Stored items from a collection

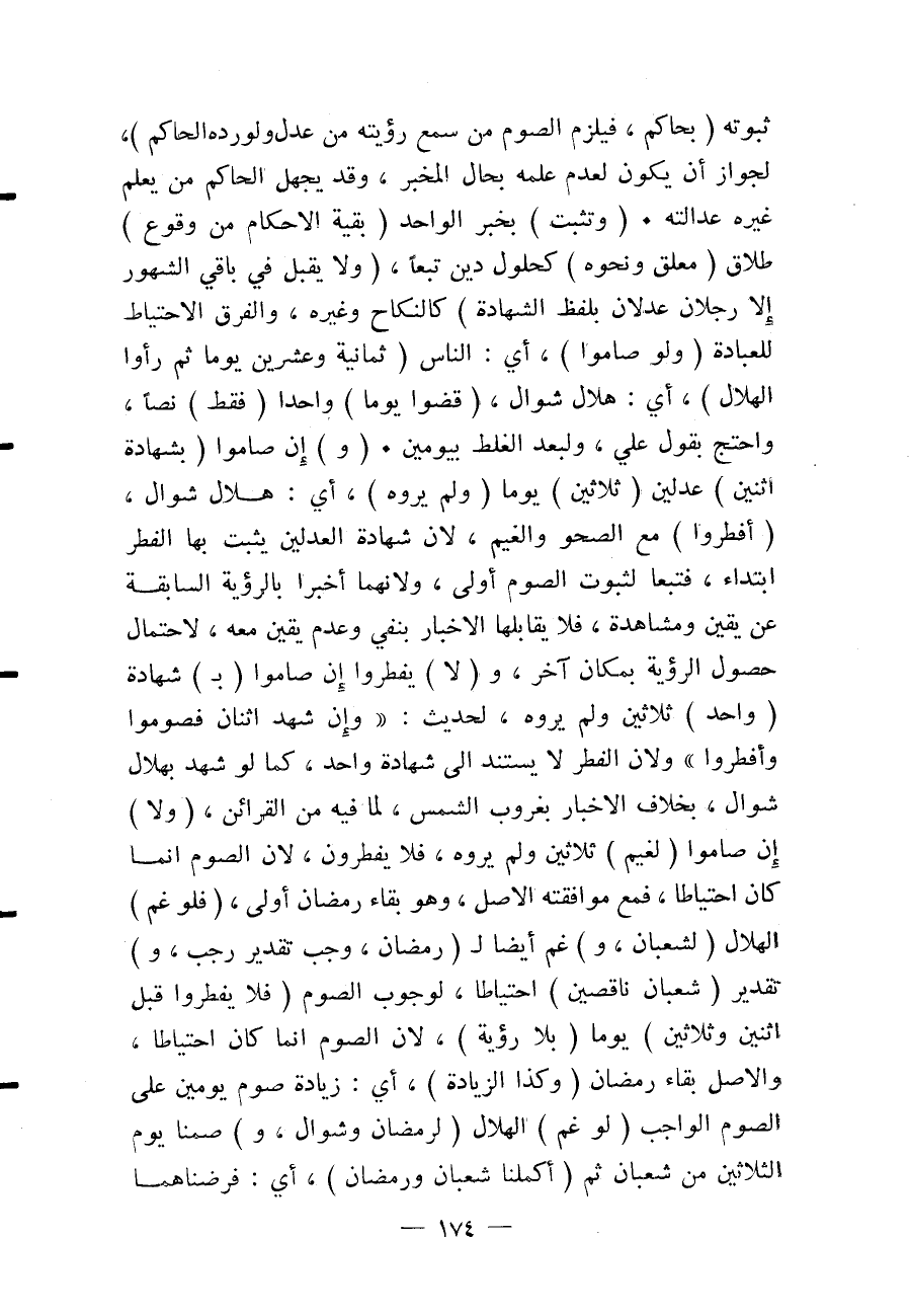 (وَتَثْبُتُ) بِخَبَرِ الْوَاحِدِ (بَقِيَّةُ الْأَحْكَامِ مِنْ وُقُوعِ) طَلَاقٍ (مُعَلَّقٍ وَنَحْوِهِ) كَحُلُولِ دَيْنٍ تَبَعًا، (وَلَا يُقْبَلُ فِي بَاقِي الشُّهُورِ إلَّا رَجُلَانِ عَدْلَانِ بِلَفْظِ الشَّهَادَةِ) كَالنِّكَاحِ وَغَيْرِهِ، وَالْفَرْقُ الِاحْتِيَاطُ لِلْعِبَادَةِ (وَلَوْ صَامُوا) ، أَيْ: النَّاسُ (ثَمَانِيَةً وَعِشْرِينَ يَوْمًا ثُمَّ رَأَوْا الْهِلَالَ) ، أَيْ: هِلَالَ شَوَّالٍ، (قَضَوْا يَوْمًا) وَاحِدًا (فَقَطْ) نَصًّا، وَاحْتَجَّ بِقَوْلِ عَلِيٍّ، وَلِبُعْدِ الْغَلَطِ بِيَوْمَيْنِ. (وَ) إنْ صَامُوا (بِشَهَادَةِ اثْنَيْنِ) عَدْلَيْنِ (ثَلَاثِينَ) يَوْمًا (وَلَمْ يَرَوْهُ) ، أَيْ: هِلَالَ شَوَّالٍ، (أَفْطَرُوا) مَعَ الصَّحْوِ وَالْغَيْمِ، لِأَنَّ شَهَادَةَ الْعَدْلَيْنِ يَثْبُتُ بِهَا الْفِطْرُ ابْتِدَاءً، فَتَبَعًا لِثُبُوتِ الصَّوْمِ أَوْلَى، وَلِأَنَّهُمَا أَخْبَرَا بِالرُّؤْيَةِ السَّابِقَةِ عَنْ يَقِينٍ وَمُشَاهَدَةٍ، فَلَا يُقَابِلُهَا الْإِخْبَارُ بِنَفْيٍ وَعَدَمِ يَقِينٍ مَعَهُ، لِاحْتِمَالِ حُصُولِ الرُّؤْيَةِ بِمَكَانٍ آخَرَ، وَ (لَا) يُفْطِرُوا إنْ صَامُوا (بِ) شَهَادَةِ (وَاحِدٍ) ثَلَاثِينَ وَلَمْ يَرَوْهُ، لِحَدِيثِ: «وَإِنْ شَهِدَ اثْنَانِ فَصُومُوا وَأَفْطِرُوا» وَلِأَنَّ الْفِطْرَ لَا يَسْتَنِدُ إلَى شَهَادَةِ وَاحِدٍ، كَمَا لَوْ شَهِدَ بِهِلَالِ شَوَّالٍ، بِخِلَافِ الْإِخْبَارِ بِغُرُوبِ الشَّمْسِ، لِمَا فِيهِ مِنْ الْقَرَائِنِ، (وَلَا) إنْ صَامُوا (لِغَيْمٍ) ثَلَاثِينَ وَلَمْ يَرَوْهُ، فَلَا يُفْطِرُونَ، لِأَنَّ الصَّوْمَ إنَّمَا كَانَ احْتِيَاطًا، فَمَعَ مُوَافَقَتِهِ الْأَصْلَ، وَهُوَ بَقَاءُ رَمَضَانَ أَوْلَى.
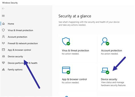 2. Navigate to Device Security: In the Windows Security window, click on the “Device Security” icon.
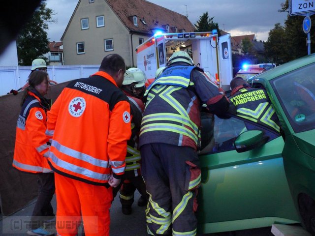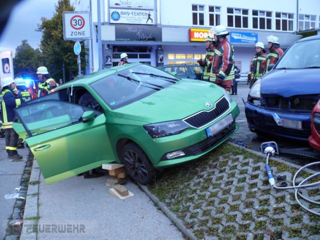 Aus noch ungeklärter Ursache kam ein PKW auf höhe des Supermarkts in der Johann Schmidt Str. von der Fahrbahn ab und fuhr auf eine schräge Betonmauer die sich neben dem Gehweg befand. Beide Insassen mussten von der Feuerwehr befreit werden.
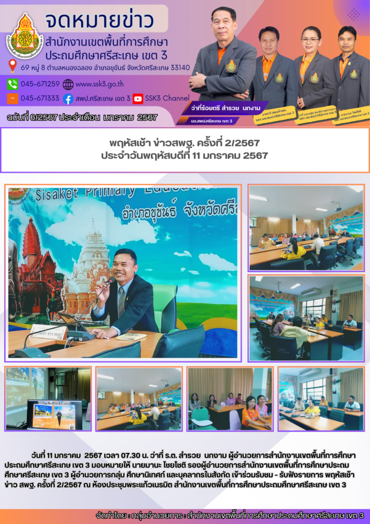 พฤหัสเช้า ข่าวสพฐ. ครั้งที่ 2/2567 ประจำวันพฤหัสบดีที่ 11 มกราคม 2567 15/03/2024 Last updated : 15/03/2024 admin
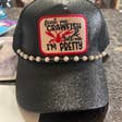 Feed Me Crawfish & Tell Me I'm Pretty embroidered patch trucker hat. Available on Vibes Glitter Ponytail Caps or a foam trucker! Our ponytail caps have a mesh back, ponytail back, and an adjustable velcro enclosure. Foam truckers have a foam front, mesh back, and adjustable snapback enclosure. Pair your trucker cap with one of our trucker hat chains for just the right touch. Chains not included but sold separately. Pictured here with our dainty pearl and white turquoise trucker hat chains.
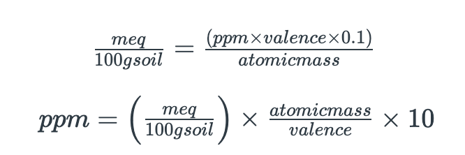 Shortcut equations to convert between meq/100 g soil and ppm
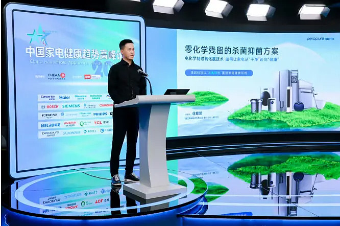 应对这些家电增强健康功能的需求,清越科技潜心研发出电化学制过氧化氢技术,让家电从“干净”迈向“健康”。浙江清越科技有限公司联合创始人兼CEO徐蜂凯分享了“电化学制过氧化氢技术”的四大优势。“一是只需要水。该技术仅需使用普通的水,通过电催化和电合成的方式,便可实时制备出可控浓度的过氧化氢溶液。二是本真绿色。该技术仅以“水”和空气中的“氧气”作为基础原料,借助清洁电能通过独特设计的电化学反应堆,实现原料至过氧化氢的高效定向转化,而且使用后的作用产物完全分解为纯粹的水和氧气,整个过程无污染。三是生活饮用水级别。经检测,清越科技电化学技术产生的过氧化氢溶液的微生物指标、毒理指标、一般化学指标、放射性指标均符合生活饮用水卫生标准级别,无有害副产物产生。四是柔性适配可定制。通过与国内外多品类头部家电巨头的研发团队深度合作、协同攻关,清越科技实现了电化学模块对不同应用场景的多尺度定制与柔性适配。”他介绍说。
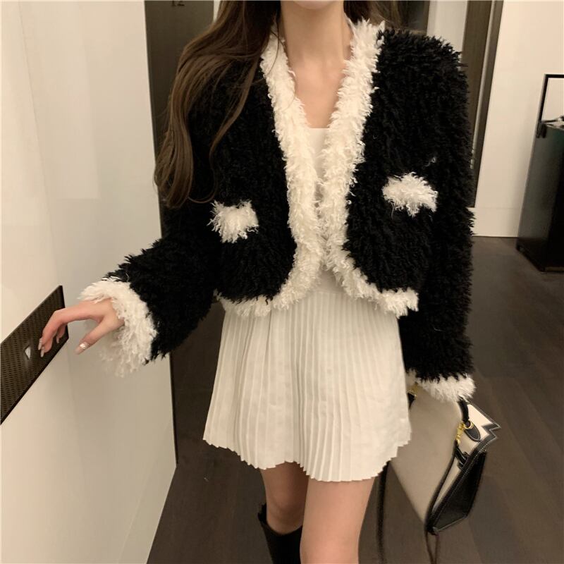 ジャケット レディースショートルーズカジュアルスタンダードオータムウィンター レトロ 秋物 冬物 ブラックストロベリース60722312612
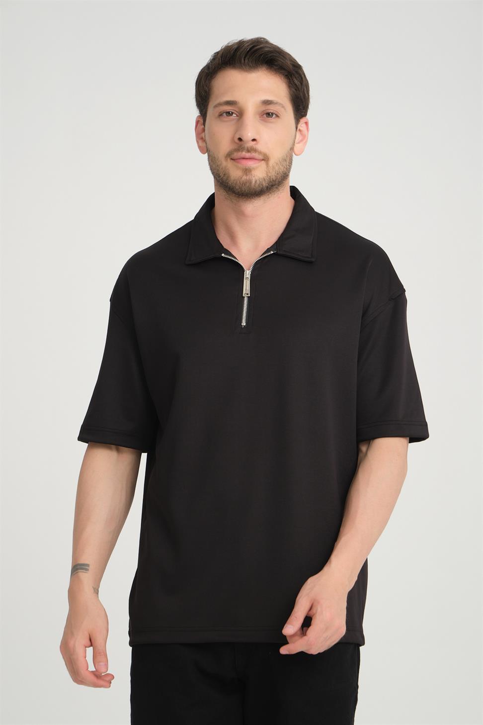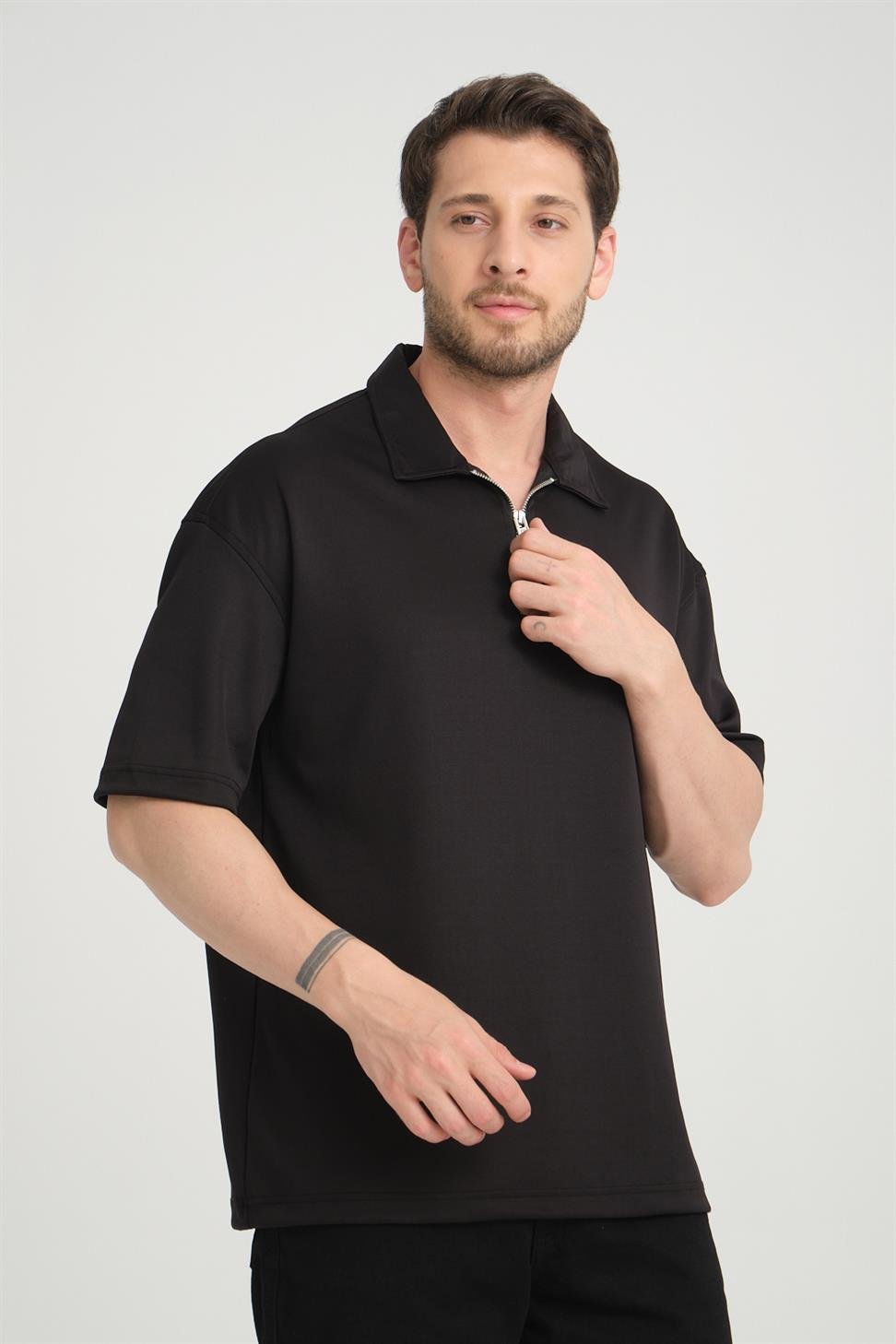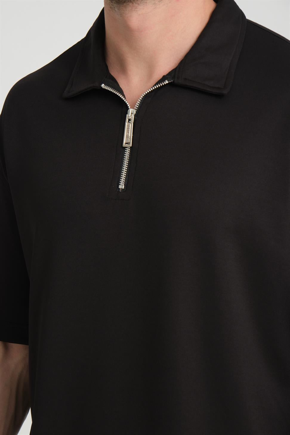R-5812 Half-Placket Zipper Detail Scuba T-Shirt – Black
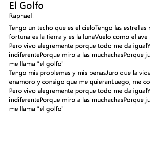 Pero vivo alegremente porque todo me da igualY me rio de mi sombraY ando siempre indiferentePorque miro a las muchachasPorque juego por el marTodo el mundo a mi me llama "el golfo" |
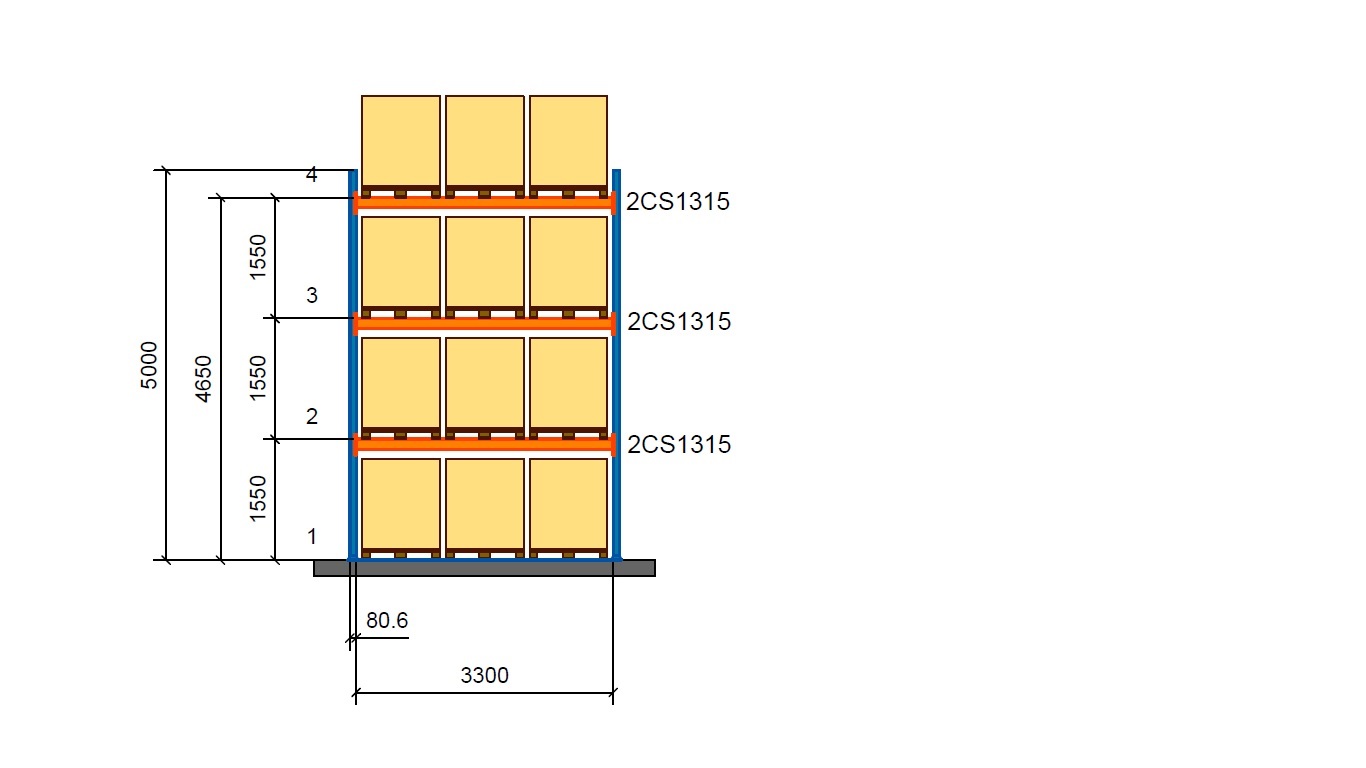 Regał paletowy nowy 5m (12 miejsc paletowych) zestaw z belkami 3,3m

- WORK TASK
With the pictures left out, copy exactly the lines from the one containing "Pero vivo alegremente" through the final line of the records above, both included.

- EXERCISE RESULT
 Pero vivo alegremente porque todo me da igualY me rio de mi sombraY ando siempre indiferentePorque miro a las muchachasPorque juego por el marTodo el mundo a mi me llama "el golfo" |
 Regał paletowy nowy 5m (12 miejsc paletowych) zestaw z belkami 3,3m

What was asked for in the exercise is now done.